California Mainstays Perform in Asbury Park on Sunday, Sept. 9

Over the past 23 years The Offspring have mastered the art of juxtaposing urgent, socially-conscious punk rock missives with humorous, self-deprecating songs. It’s an achievement that presents an ever-increasing challenge each time the Huntington Beach, Calif., band enters the recording studio.

“It is tough, because you don’t want to keep writing the same songs, but you don’t want to stray too far from your foundation,” said bassist Greg Kriesel. “We try to write different types of songs, but try to keep the same feel and sound and make sure that each song could stand on its own.

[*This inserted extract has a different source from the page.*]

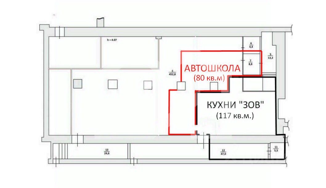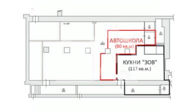-арендаторы: "Кухни Зов" (117 кв. м) и Автошкола (80 кв. м), КДА.
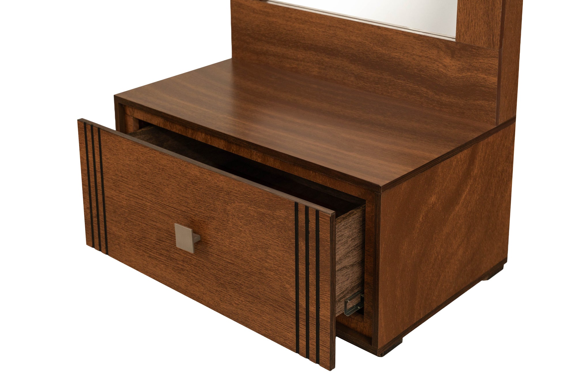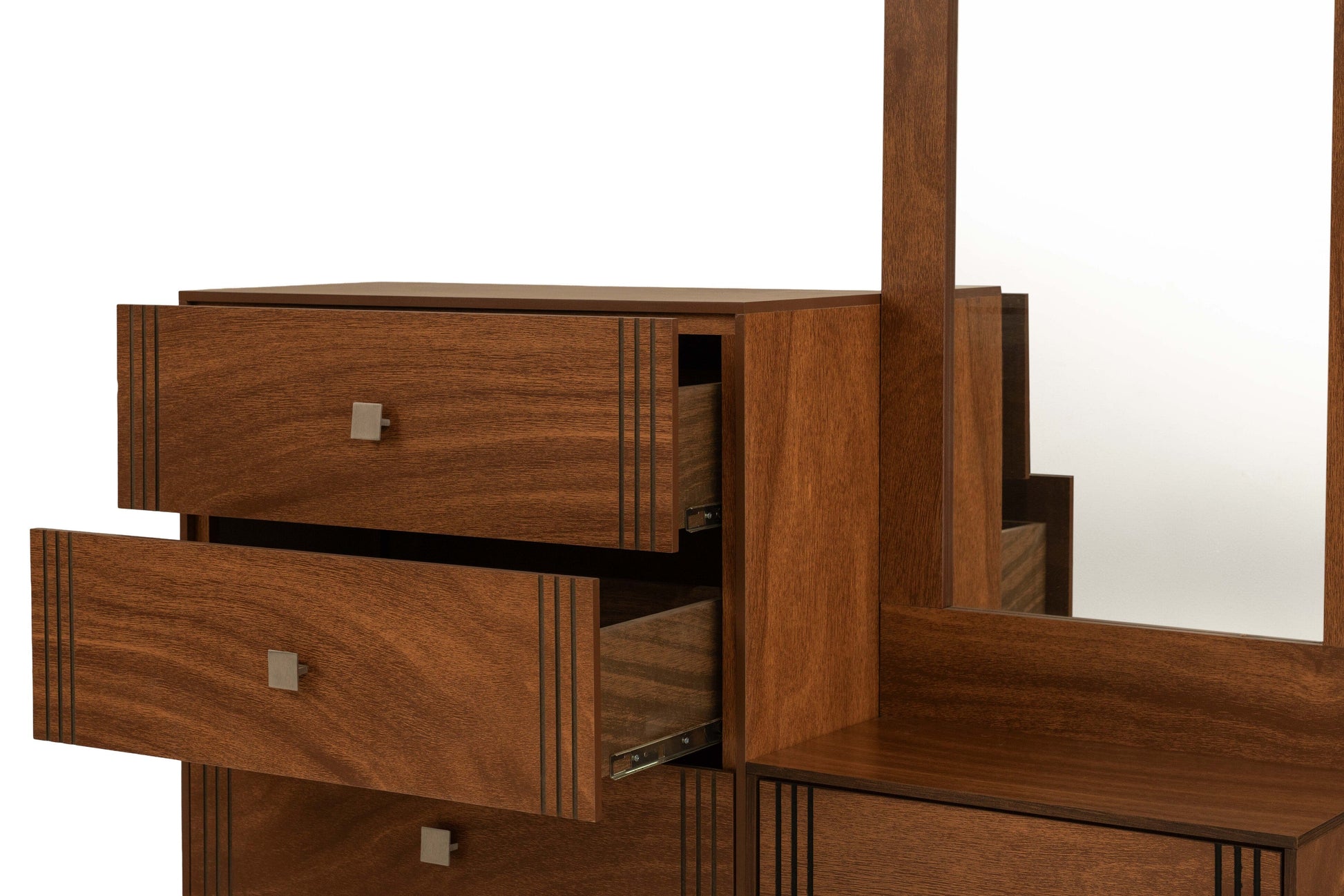 Descubre la fusión perfecta entre elegancia y diseño con este set de recámara completa, que incluye: una cabecera, ideal para un colchón tamaño king; dos burós, cuyo diseño versátil y almacenamiento eficiente mantiene la armonía y el orden; una cómoda y espejo que también funciona como vanity o tocador, proporcionando el espacio perfecto para maquillarse, arreglarse o simplemente prepararse para el día. Su diseño elegante y funcional aporta estilo y sofisticación al ambiente. Todos los productos fueron fabricados con materiales duraderos y un diseño atemporal. Se entregan completamente armados para un uso inmediato. Un conjunto perfecto para transformar tu dormitorio en un refugio con estilo y confort. No incluye base para cama ni colchón.

“I think maybe that’s why it took so long to do this album,” Kriesel said, referring to  “Days Gone By,” the band’s ninth disc and first in four years. The Offspring, which also includes singer-guitarist Dexter Holland, guitarist Kevin “Noodles” Wasserman and drummer Pete Parada, perform Sunday on the Stone Pony Summer Stage in Asbury Park.

The constant in The Offspring’s diverse offerings are the irresistible melodies that keep fans humming along, whether it be to a song about teen gun violence  - the band’s 1994 commercial breakthrough, “Come Out and Play (Keep 'Em Separated),” the angst of unfulfilled dreams  (“The Kids Aren’t Alright”) or the misguided suburban youth who thinks he’s “Pretty Fly (For a White Guy).”

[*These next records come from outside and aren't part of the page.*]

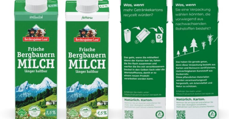 Molkerei Berchtesgadener Land informiert auf den Milchpackungen...
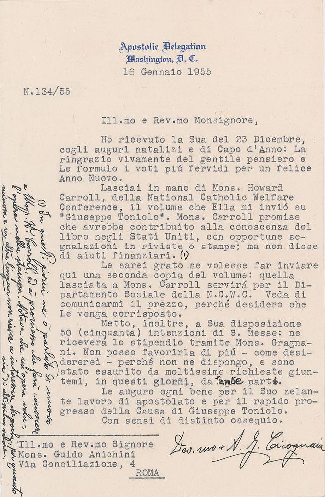 Italian Cardinal of the Roman Catholic Church (born 1883) who served as Vatican Secretary of State from 1961 to 1969, and Dean of the College of Cardinals from 1972 until his death the following year. TLS in Italian, signed “A. G. Cicognani,” one page, 5.5 x 8.5, Apostolic Delegation letterhead, January 16, 1955. Letter to Monsignor Guido Anichini, in part (translated): "I received yours on December 23rd, with Christmas and New Year's greetings: I warmly thank you for your kind thoughts and I offer you the best wishes for a happy New Year. I left in Monsignor Howard Carroll's hand, the National Catholic Welfare Conference, the volume that you sent me on 'Giuseppe Toniolo.' Archbishop Carroll promised that he would contribute to the knowledge of the book in the United States, with appropriate reports in magazines or prints; but he didn't say financial aid. I would be grateful if you would like to have a second copy of the volume sent here: the one left to Archbishop Carroll will serve for the Social Department of the N.C.W.C. Please tell me the price, because I want it paid." Cicognani adds a vertical postscript in the left margin. In fine condition. Cicognani served as the Apostolic Delegate to the United States from March 17, 1933 until November 14, 1959.
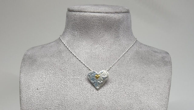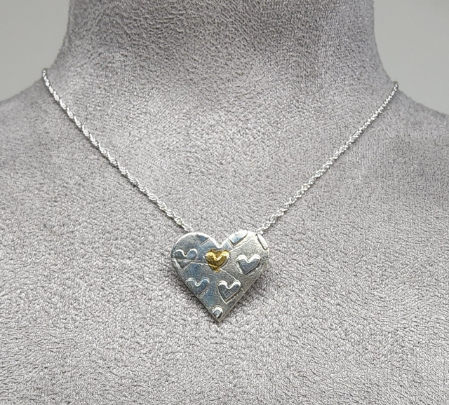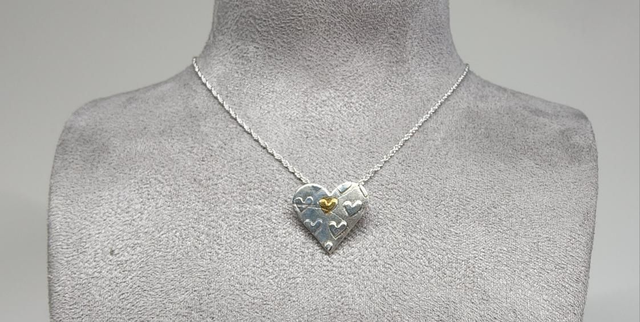 For this pendant I have used 999 fine silver clay, which I have fomed into a heart and imprinted smaller hearts across the front. Once fired, I have added 24K gold foil across one of the raised hearts to single it out. Attached to an 18" fine rope chain, this pendant measure approx 2cm.
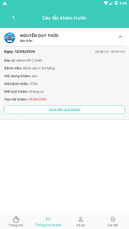 - Cho phép liên kết lại hồ sơ sức khoẻ.
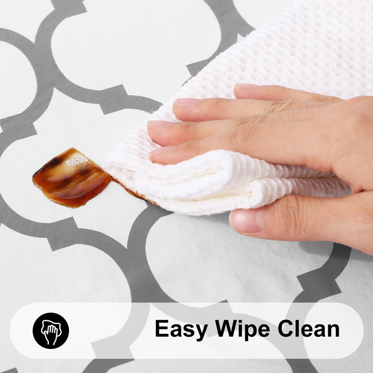 - Q: How do I clean the Smiry Round Plastic Table Cloth? A: The tablecloth features a 100% waterproof surface, making it easy to clean. Simply wipe it down with a damp cloth or sponge to remove stains.
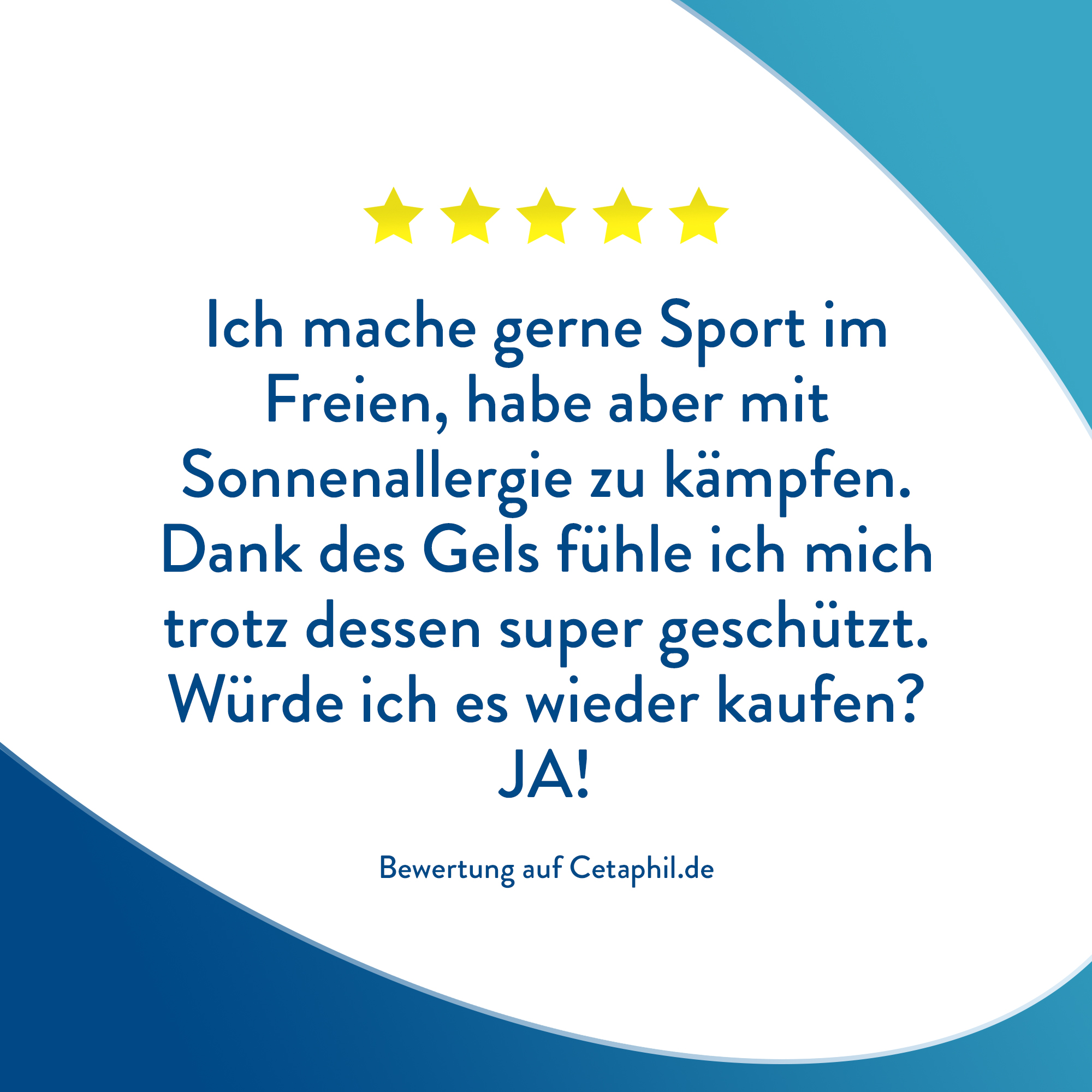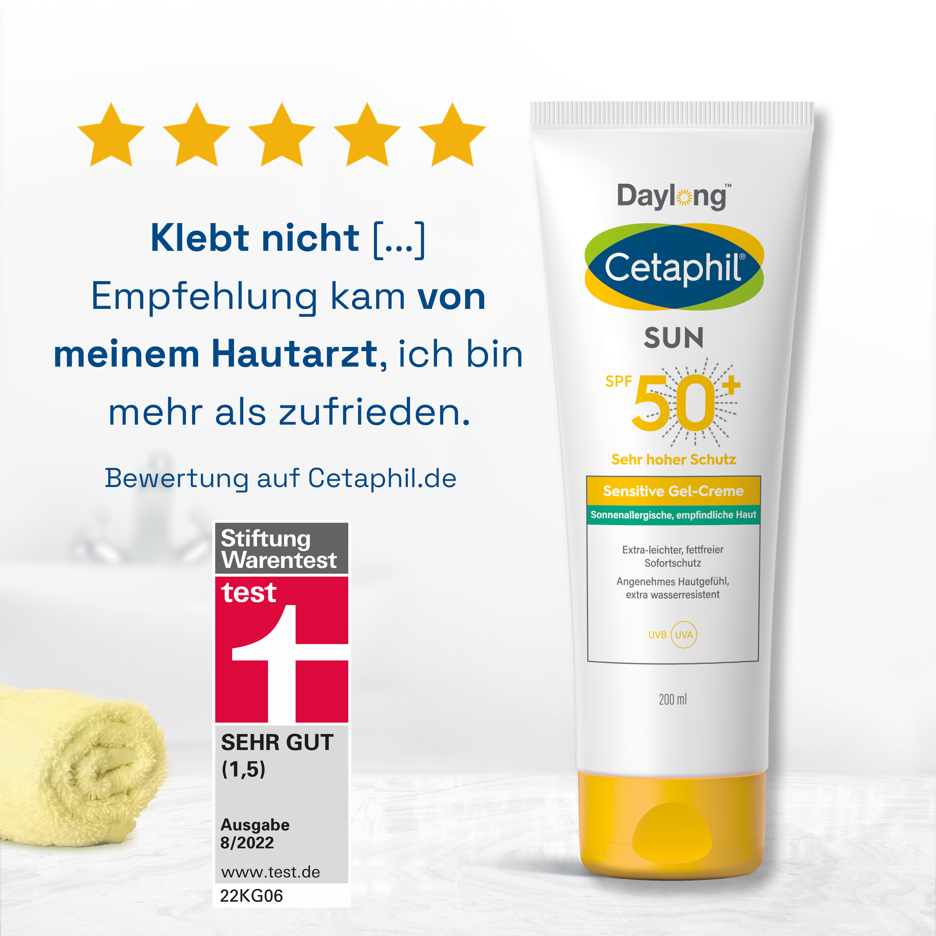 Das Cetaphil® Sun DaylongTM SPF 50+ Sensitive Gel-Creme ist dank der fett- und emulgatorfreien Formulierung speziell für fettige, allergische und besonders sonnenempfindliche Haut, sowie Anwender, die zu Sonnenallergie oder Mallorca Akne neigen, geeignet. Auf Konservierungsstoffe, Parfüm und Emulgatoren wird verzichtet. Die Hautverträglichkeit von Cetaphil® Sun DaylongTM wurde dermatologisch bestätigt. Wenn Sie gerne auf hochwirksamen, zuverlässigen und besonders verträglichen Sonnenschutz vertrauen, sind die Cetaphil® Sun DaylongTM SPF 50+ Sensitive Gel-Cremes die richtige Wahl.

“Days Go By” continues the tradition. Standout tracks include call to purpose album opener, “The Future Is Now,” the hooky, summertime ode, “Cruising California (Bumpin’ In My Trunk) and the reflective title track.

“The song “Days Go By” came first and was a natural choice for the album title,” Kriesel said. “At this point in our careeer we are looking back a little bit.”

The album marks the second time the band has worked with mega-producer Bob Rock (Metallica, Bon Jovi, Motley Crue).

“The last album turned out really great, so we wanted to work with Bob again,” Holland said in a separate interview. “When you go with a producer for the second time, it can go one of two ways.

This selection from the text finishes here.